Whether you intend to encourage the employee or simply do not want to be a downer, supervisors may be tempted to emphasize strengths and downplay weaknesses during a struggling employee’s performance reviews. But beware: the road to costly wrongful termination litigation is paved with good intentions, as illustrated in a recent Minnesota federal case.
In Walker v. South Washington County Schools, an African-American teacher was non-renewed during her three-year probationary period. Case No. 15-CV-3670 (D. Minn. Nov. 29, 2016) (Doty, J.). During that time, the teacher received eight reviews from several different supervisors. The performance reviews generally were positive, noting the teacher’s warmth and compassion toward students and families and her proficiency in special education matters. In a couple of instances, the performance evaluations emphasized the need to meet deadlines, but offered no details regarding any late assignments.

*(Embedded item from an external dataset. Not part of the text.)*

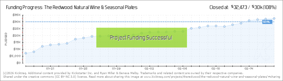 Thank you, thank you, THANK YOU!!!!!! We are truly in awe of all of the support we received toward chasing our dream. Opening day is getting really close and we cannot wait to welcome you into The Redwood and begin repaying your generosity. For... (Read More)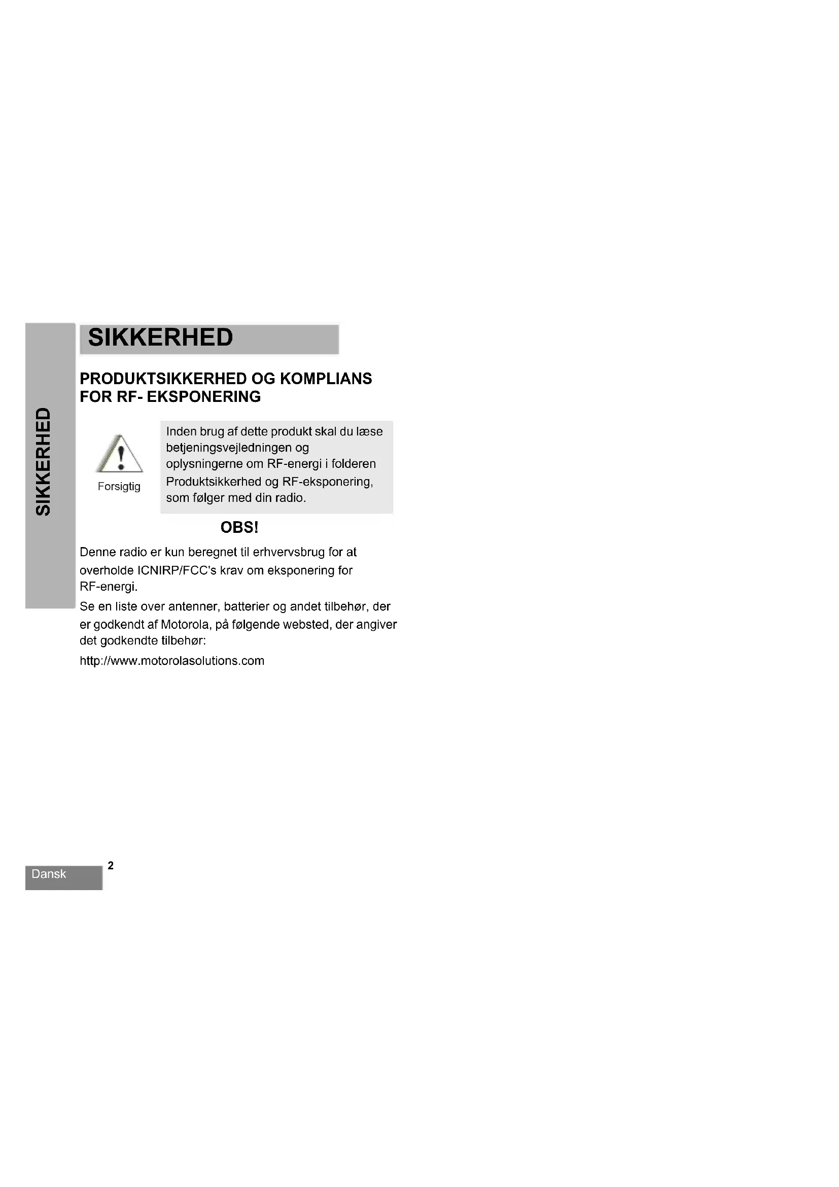 OBS! Denne radio er kun beregnet til erhvervsbrug for at overholde ICNIRP/FCC's krav om eksponering for RF-energi. Se en liste over antenner, batterier og andet tilbehør, der er godkendt af Motorola, på følgende websted, der angiver det godkendte tilbehør: http://www.motorolasolutions.com Inden brug af dette produkt skal du læse betjeningsvejledningen og oplysningerne om RF-energi i folderen Produktsikkerhed og RF-eksponering, som følger med din radio. ForsigtigDansk

While the supervisor was considering moving the teacher to continuing contract status, she received reports that the employee missed a deadline, failed to attend a training, and got into a heated exchange with a co-worker over email. Except for the email issue, the supervisor did not look into the allegations but accepted, uncritically, the reports from other employees. Ultimately, the supervisor decided not to recommend the teacher for continuing contract status. The school board informed the teacher that she was terminated due to poor performance.
The court found that, given the evidence available, a reasonable jury could reject the school district’s stated reason for termination as mere pretext for discrimination and, therefore, the facts of the case needed to be decided at trial. The court stated:
Although defendants rely heavily on the assertion that Walker performed poorly through her tenure—most notably in regularly failing to submit timely evaluations—the record before the court does not corroborate such a finding. Although there are vague references in the progress reports that Walker should ‘act with more intensity and/or with a quicker pace’ and that a challenge ‘will be keeping up on the paperwork,’ none of the progress reviews identified untimely reports, let alone a continual problem with timeliness.
Employers can learn several important lessons from this case. First, if there is an allegation of poor or non-performance of duties, it must be investigated. Second, if the allegation is substantiated, the employer must document the incident, in sufficient detail to identify the nature of the misconduct and how the employer responded to it. Third, if there is a pattern of conduct, each new disciplinary action—and non-disciplinary action—imposed should refer back to previous incidents and the employer’s response. For example, a one-day suspension for a habitually late employee might include the following information “This is not the first time you have been tardy without excuse. On December 15, 2017, you received a written reprimand for being late on December 8 and December 11.”
In the event of a challenge to a future employment action, an employee may use inaccurate or incomplete performance evaluations to show that there was no “real” issue with his or her work performance, since the employer failed to note it. Likewise, failure to document prior warnings or discipline may be used by the employee to establish that the problem did not exist prior to the incident giving rise to discipline or that one incident was used to justify discrimination against the employee.
While it may be difficult, make it a New Year’s resolution to stop being “nice” in performance reviews, disciplinary letters, and other documentation regarding employees and their job performance. Instead, make it a resolution to be truthful and complete in assessing employee performance. Remember, sugar-coating the facts now may leave you with a bitter pill to swallow later.